Si voleva valutare se, nei giorni successivi, i comportamenti fossero talmente erratici e strani da portare a un aumento degli incidenti. I risultati sono stati tranquillizzanti.
I risultati: la noiosa stabilità dei dati
I risultati sono stati tanto chiari quanto deludenti per i detrattori dei sussidi diretti. Ecco cosa è emerso dall’analisi dei numeri:
- Nessun picco di traumi: Nei giorni e nelle settimane immediatamente successivi al pagamento, non si è registrato alcun aumento statisticamente significativo delle lesioni gravi.
- Mortalità invariata: Non c’è stata alcuna evidenza di un aumento dei decessi, né per cause generali né per cause “innaturali” (spesso legate all’abuso di sostanze).
- Uniformità geografica: Il dato è coerente sia nelle zone rurali che nelle aree urbane come Anchorage e Fairbanks, che per demografia e struttura assomigliano a molte città di medie dimensioni degli Stati Uniti continentali.

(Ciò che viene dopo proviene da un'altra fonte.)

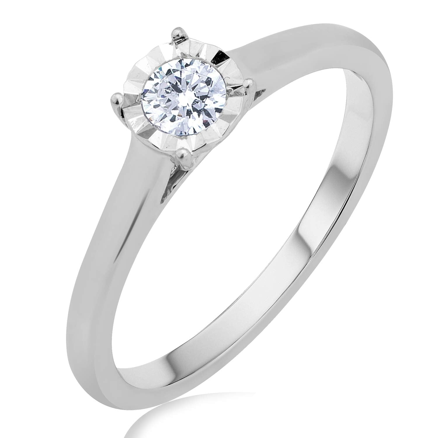 Jewelili 10K White Gold With 1/5 CTTW Natural White Diamond Solitaire Ring

Per facilitare la comprensione della portata dello studio, riassumiamo i dati chiave nella seguente tabella:
| Parametro Analizzato | Dettagli dello Studio | Risultato Post-Pagamento |
| Periodo | 2009 – 2019 (11 anni) | – |
| Campione Traumi | 36.556 casi ospedalieri | Nessuna variazione significativa |
| Campione Decessi | 43.170 certificati di morte | Nessuna variazione significativa |
| Finestra Temporale | 7 giorni e 30 giorni dopo il bonifico | Trend stabili |
| Tipologia Erogazione | ~$1.500 medi (annuali, universali) | Nessun impatto negativo sulla salute pubblica |
Perché è importante per l’economia e la politica
Questo studio si distingue dai precedenti per la sua ampiezza e per il fatto di coprire l’intera popolazione, non solo fasce marginali. Alcune ricerche passate avevano dato risultati contrastanti, ma spesso si basavano su campioni limitati o finestre temporali ristrette. Qui abbiamo un decennio di dati su un’intera popolazione statale.

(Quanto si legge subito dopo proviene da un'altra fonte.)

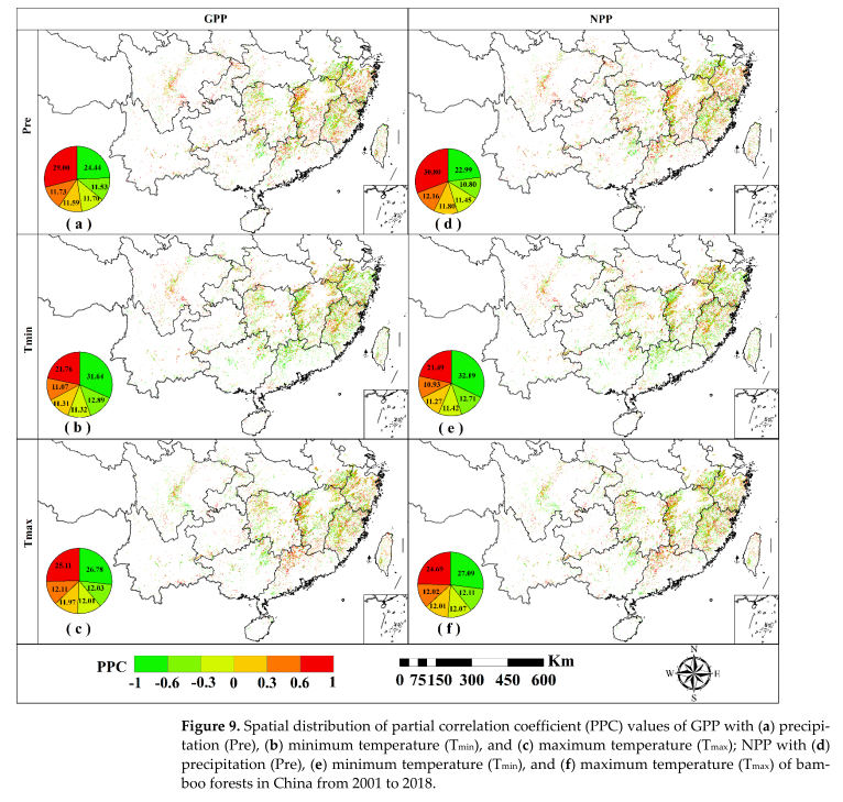 气候对竹林碳通量时空动态演变影响研究表明,在年尺度上,通过计算竹林GPP、NPP与气象因子(最高温、最低温、降水量)的偏相关系数发现,整体上,竹林GPP、NPP与降水量呈正相关,而与最高温、最低温均呈负相关,即高温或低温在一定程度上抑制了竹林碳通量的增加,而适宜的降水量促进竹林碳通量的增加。在月尺度上,温度和降水与竹林GPP、NPP呈显著相关关系,相关系数均达0.56以上。

La dottoressa Anne Zink, co-autrice dello studio, ha sottolineato un punto cruciale: “Come medico d’urgenza temevo che il PFD annuale portasse a danni immediati, ma i dati a livello di popolazione mostrano che non c’è associazione temporale tra il trasferimento di denaro e l’aumento di traumi o mortalità”.
In termini economici, questo smonta la narrazione paternalistica secondo cui il cittadino medio, o peggio quello a basso reddito, sia incapace di gestire un surplus di liquidità senza farsi del male. La “follia da spesa” che porta al pronto soccorso semplicemente non esiste nei dati. Esiste invece un sostegno al reddito che, come dimostrato da altri studi citati dagli autori, è uno strumento efficace per ridurre la povertà.

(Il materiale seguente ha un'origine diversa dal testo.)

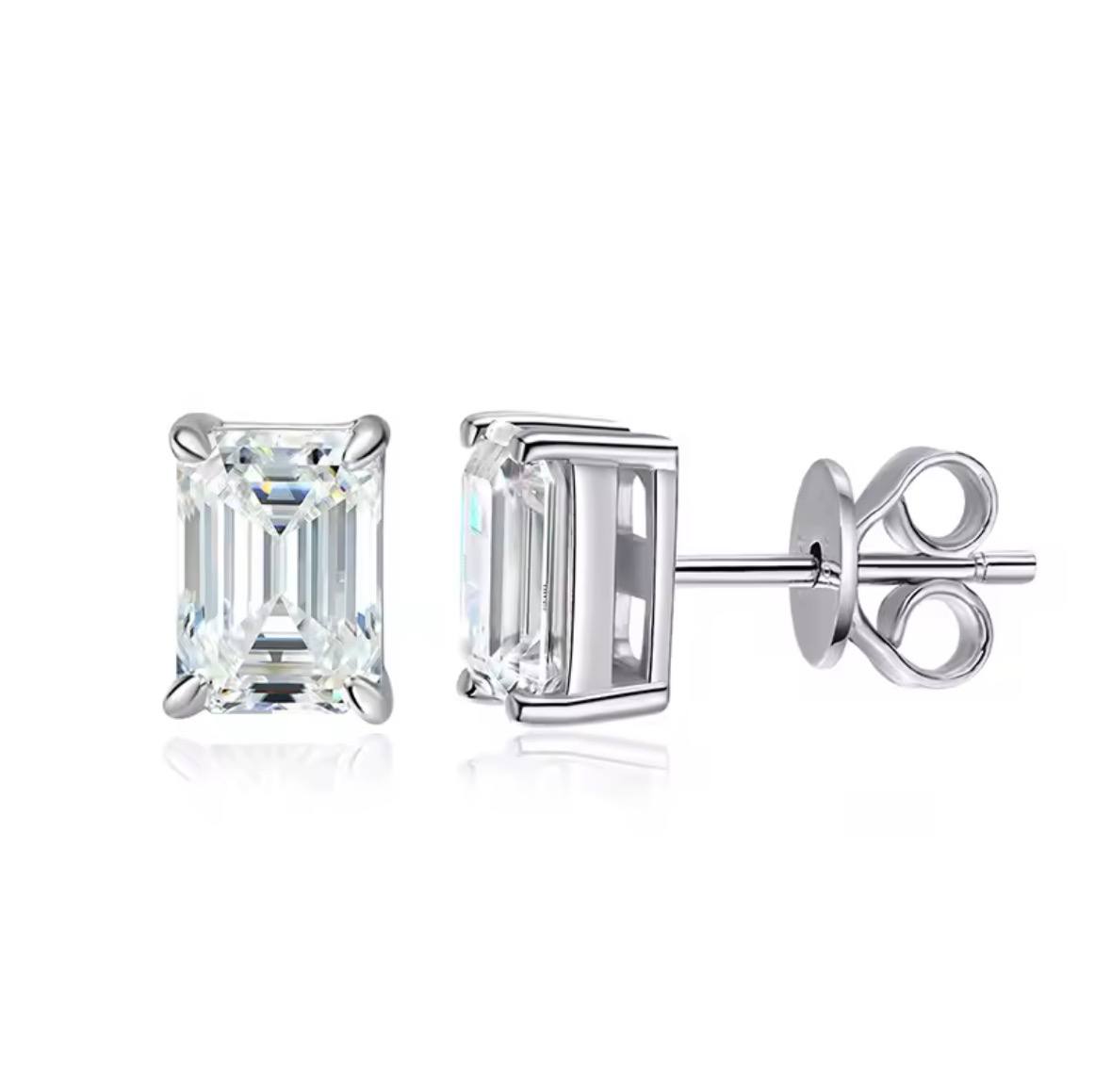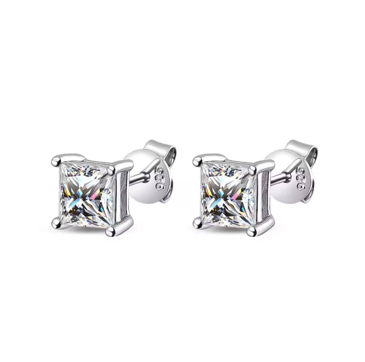 Orecchini Square Halo Cut (Argento & Moissanite)

Razionalità contro pregiudizio
Le critiche ai trasferimenti monetari (che spesso sentiamo ripetere anche in Italia contro ogni forma di sussidio) si basano sovente su aneddoti o su una visione pessimistica della natura umana, piuttosto che su evidenze empiriche.
Lo studio dell’Alaska ci dice una cosa semplice: le paure sono infondate. Quando le famiglie ricevono denaro, tendono a usarlo per le loro necessità, non per distruggersi. Certo, l’Alaska è un caso specifico con una sua cultura, e la cifra non è eccessiva, ma il fatto che i risultati tengano anche nelle aree urbane suggerisce che queste conclusioni siano esportabili.
In un’epoca in cui si ridiscutono i meccanismi di welfare e si guarda con interesse (o orrore, a seconda della scuola di pensiero) all’idea di reddito universale, sapere che l’iniezione di liquidità non si traduce in costi sanitari aggiuntivi o perdite di vite umane è un dato macroeconomico fondamentale. Forse è tempo di trattare i cittadini come agenti economici razionali, e non come bambini da tutelare dai propri portafogli.